Lien filed against two buildings.
Correction (published Aug. 14): A headline on Page D1 Tuesday contained an error. A Eugene contractor has filed a lien of nearly $1 million against one of two medical office buildings on the campus of Sacred Heart Medical Center at RiverBend.
SPRINGFIELD - A Eugene contractor has filed a lien of nearly $1 million against one of two medical office buildings on the campus of Sacred Heart Medical Center at RiverBend.
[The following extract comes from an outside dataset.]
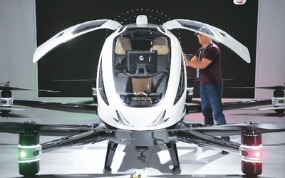 圖為廣交會(huì)新設(shè)置的新能源及智能網(wǎng)聯(lián)汽車(chē)展區(qū)內(nèi),采購(gòu)商在了解正在展示的飛行器產(chǎn)品。新華社記者 鄧 華攝
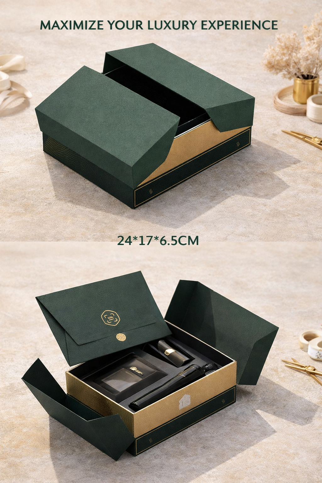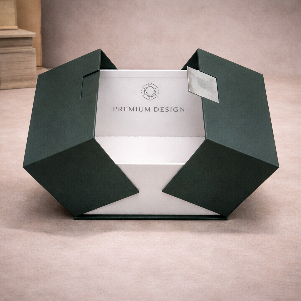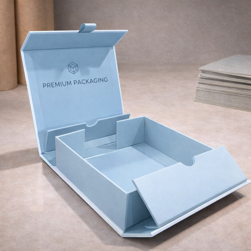Book style magnetic boxes open like a hardcover book, creating a dramatic and memorable reveal. Built with rigid chipboard and magnetic closures, this structure offers both durability and elegance. Widely used for luxury branding, promotional kits, and high-value gift packaging.

Chris Rogers, owner of Rogers Consulting and Construction Inc., said his company is owed $992,850 by the general contractor in charge of the Northwest Specialty Clinics building at the RiverBend complex. Rogers' company was the concrete subcontractor on the project.
The project's general contractor is The Haskell Co., a 43-year-old Jacksonville, Fla., company with 1,250 employees and annual sales of $750 million, according to its Web site. Bill Wakefield, Haskell's project director, declined to comment on the Rogers lien other than to say it was "a normal construction matter that will be resolved in its normal course."
Rogers said Haskell last paid him in January for half of the work done in November.
"I'm always behind the eight-ball" as a result of not getting paid, he said. "I'm slowly going broke. ... Cash flow is just killing me." The 125,000-square-foot, five-story building, connected by a skybridge to the main hospital, is owned by a consortium of 40 doctors from seven different practices, which is leasing the ground from PeaceHealth, which owns RiverBend.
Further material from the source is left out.